Edição 9 - Port - Amazônia - Brazil

A arte de Adelaide Pinheiro Lima não começa com um gesto, mas com um diagnóstico. Para

compreender sua obra, é preciso entender que a tela é apenas a etapa final de um

processo que se inicia muito antes, no consultório de uma médica que ausculta corpos e no

divã de uma psicanalista que interpreta almas. Sua prática artística não é uma terceira

profissão; é a fusão das duas primeiras, uma metodologia singular para examinar a psique

do mundo. E a paciente em seu estado mais urgente é a Amazônia.

Nascida no Pará, sua conexão com a floresta é de origem, não de visita. Seu olhar clínico a

impede de ver a Amazônia como uma paisagem. Ela vê um organismo, uma fisiologia

complexa de rios-veias, copas-pulmões e, crucialmente, de patologias — as feridas abertas

do desmatamento, a febre das queimadas. Sua abordagem não é a de uma artista que

busca a beleza, mas a de uma médica que primeiro identifica a doença para depois poder

vislumbrar a cura.

É com a profundidade de uma psicanalista que ela mergulha no trauma desse corpo. A

Amazônia, para Adelaide, possui um inconsciente. Ela é a "memória corporificada" do

planeta, uma "mãe, uma força geradora e resiliente que mesmo cansada nos oferece seu

abraço". O realismo que permeia sua obra não é, portanto, um mero exercício técnico; é a

lente de aumento com que a psicanalista-artista focaliza a superfície visível para revelar as

memórias, os traumas e os desejos que pulsam por baixo dela.

Uma vez feito o diagnóstico, qual é a prescrição? A arte. Suas cores não são uma

representação literal, mas a manifestação da pulsão de vida (Eros) em sua luta contra a

pulsão de morte (Thanatos) que ameaça a floresta.
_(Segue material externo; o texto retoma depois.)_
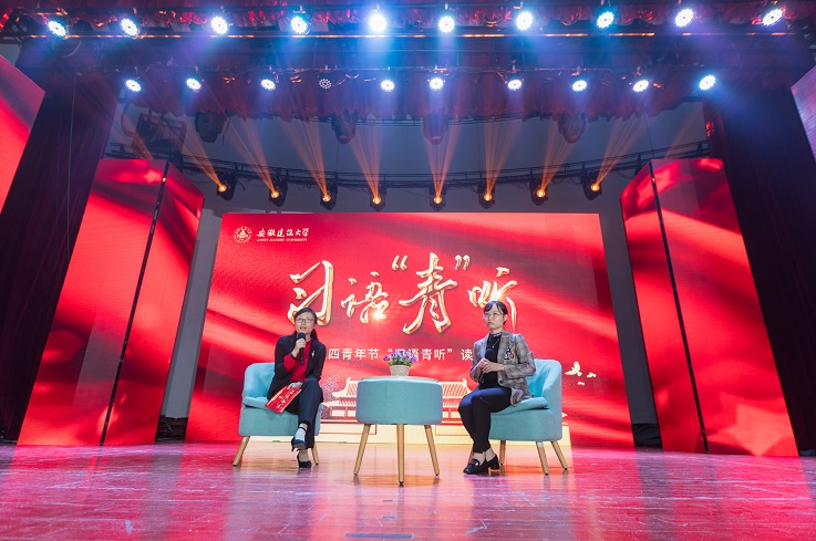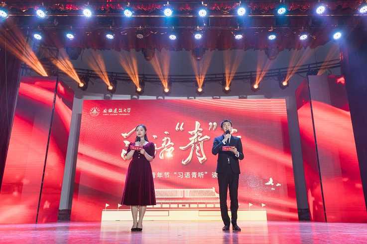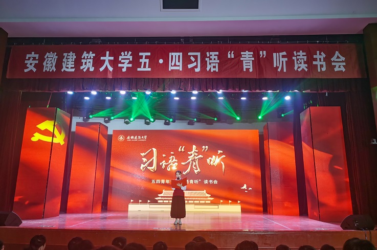 本网讯 百年征程,百年华章。为庆祝建党100周年和五四青年节,深入推进党史学习教育,4月27日晚,学校在大学生活动中心举办习语“青”听读书会,校党委副书记吕萍,安徽省文明办副主任李国兵,安徽省发展和改革委员会科学中心处处长朱的娥,共青团安徽省委学校部部长卢蓉和建大学子一起学习领会习近平总书记那些深入人心的金句,感受总书记的家国情怀。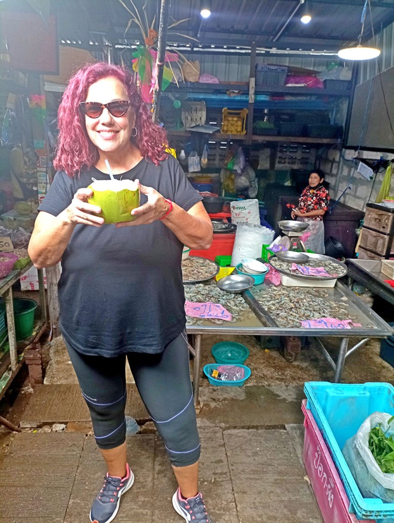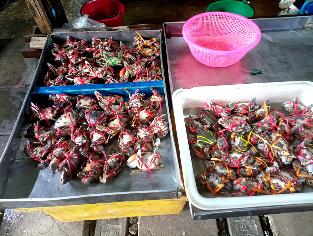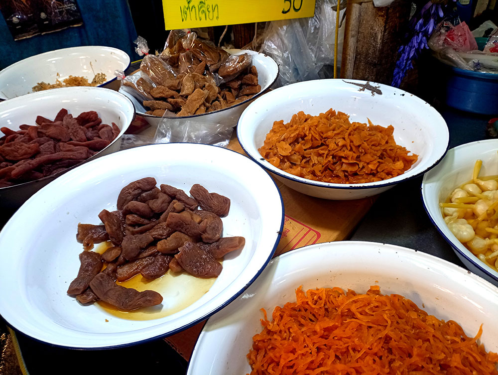 Los olores que inundan el ambiente son brutales. Te quedas embobado viendo como cocinan platos exóticos o como mezclan las diferentes verduras haciéndolas saltar de forma acrobática en sus woks. La variedad de comida es increíble; tienen vieira asada, pescado, gambas a la parrilla, cangrejos al vapor, ostra o la famosa sopa Tom Yum Kung. El mercado ofrece una increíble variedad de dulces . Hay chips de plátano, paletas y frutas secas.

Suas telas, povoadas por uma fauna e

flora carregadas de simbolismo, são a projeção de um "mundo ideal", a visão de uma

Amazônia curada, uma catarse necessária após a confrontação com a ferida. Sua arte é a

receita para a saúde da alma do mundo.

Essa metodologia se sintetiza, enfim, no próprio ato de pintar. Cada tela se torna o laudo da

médica, que expõe a patologia do bioma com a precisão de um exame, e a interpretação

da psicanalista, que traz à luz os símbolos do inconsciente da floresta. Suas cores e formas

não são, portanto, uma fuga da realidade. São a própria prescrição: a manifestação da

pulsão de vida, um receituário poético para que um planeta, adoecido em sua matéria e

traumatizado em sua memória, possa continuar a sonhar.